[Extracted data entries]

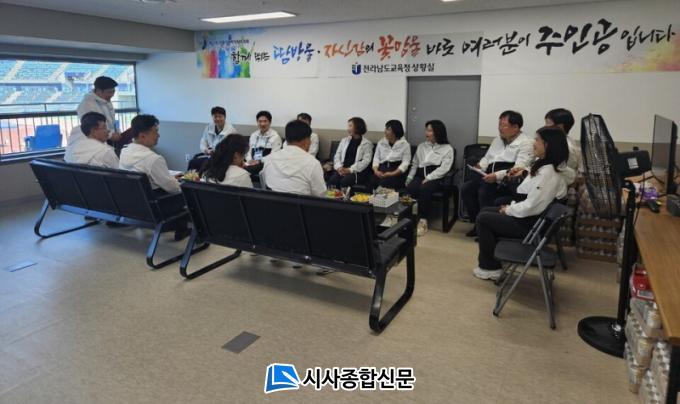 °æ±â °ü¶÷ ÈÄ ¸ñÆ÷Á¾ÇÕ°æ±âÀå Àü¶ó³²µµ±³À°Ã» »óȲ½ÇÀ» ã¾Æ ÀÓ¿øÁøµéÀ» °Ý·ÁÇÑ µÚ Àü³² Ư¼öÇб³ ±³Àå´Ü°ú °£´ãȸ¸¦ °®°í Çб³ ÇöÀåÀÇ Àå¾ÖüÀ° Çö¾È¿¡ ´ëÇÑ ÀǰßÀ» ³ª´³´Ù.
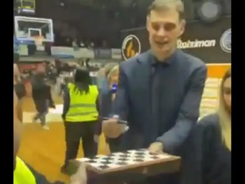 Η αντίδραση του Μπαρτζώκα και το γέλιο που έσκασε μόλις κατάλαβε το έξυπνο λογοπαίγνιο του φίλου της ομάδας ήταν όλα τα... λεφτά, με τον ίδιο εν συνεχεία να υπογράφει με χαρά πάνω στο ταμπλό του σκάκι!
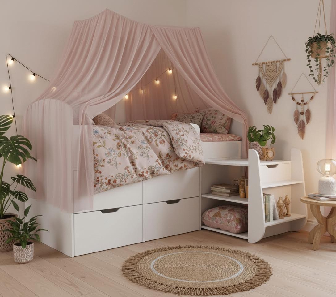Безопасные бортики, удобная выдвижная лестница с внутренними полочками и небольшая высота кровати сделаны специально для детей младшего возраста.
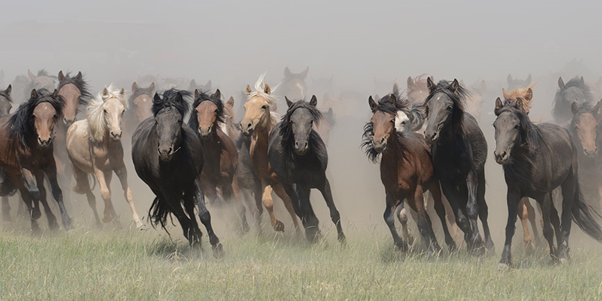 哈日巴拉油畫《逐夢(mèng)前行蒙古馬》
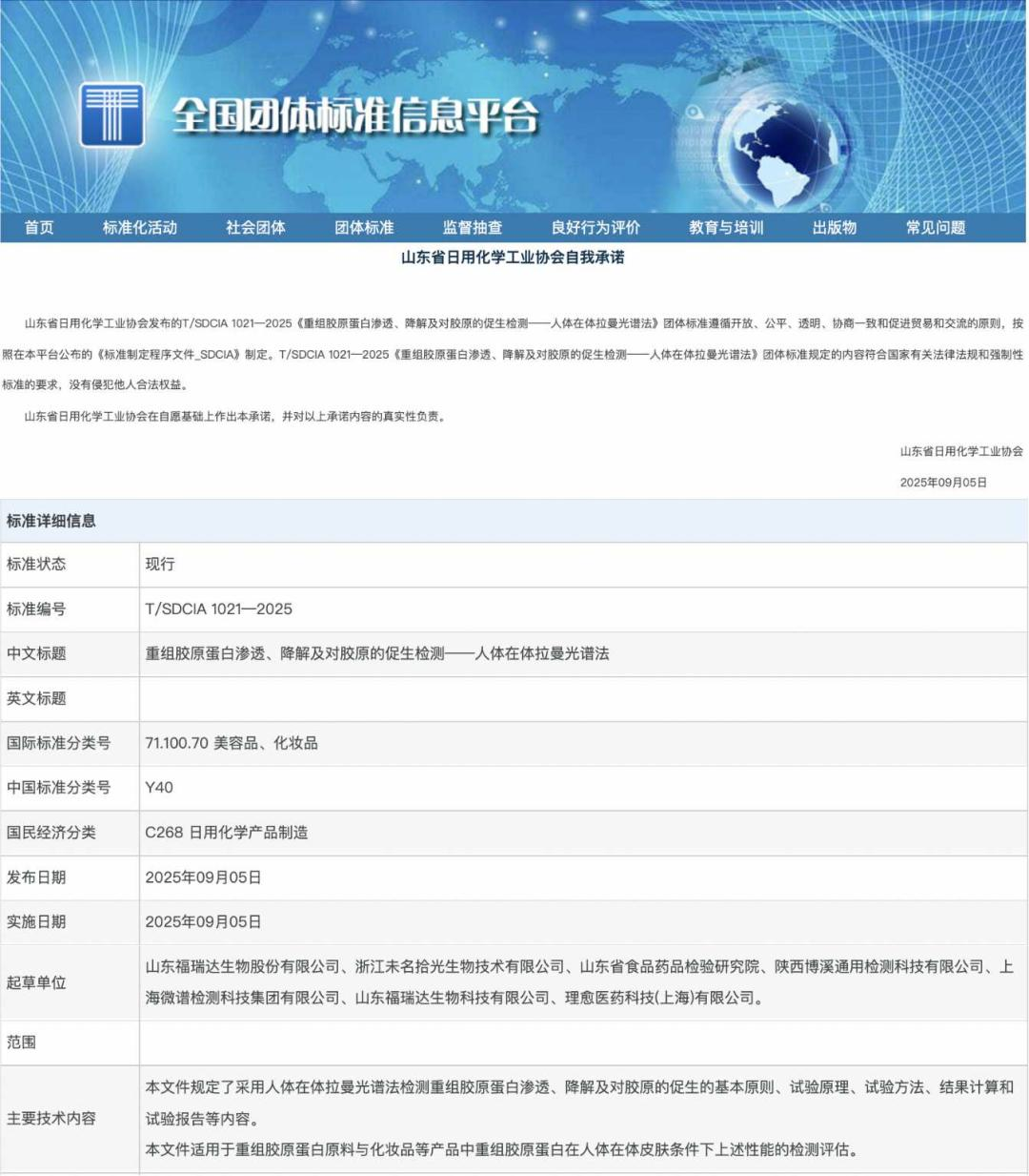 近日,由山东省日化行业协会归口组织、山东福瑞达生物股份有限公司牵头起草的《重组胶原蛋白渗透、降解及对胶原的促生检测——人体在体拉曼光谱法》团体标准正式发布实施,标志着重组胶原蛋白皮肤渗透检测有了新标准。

- PROBLEM STATEMENT -
Write out a verbatim copy of the lines from the line that contains "Безопасные бортики, удобная" through the end of the entries above; pictures are not copied.

- SOLUTION TO THIS EXERCISE -
Безопасные бортики, удобная выдвижная лестница с внутренними полочками и небольшая высота кровати сделаны специально для детей младшего возраста.
 哈日巴拉油畫《逐夢(mèng)前行蒙古馬》
 近日,由山东省日化行业协会归口组织、山东福瑞达生物股份有限公司牵头起草的《重组胶原蛋白渗透、降解及对胶原的促生检测——人体在体拉曼光谱法》团体标准正式发布实施,标志着重组胶原蛋白皮肤渗透检测有了新标准。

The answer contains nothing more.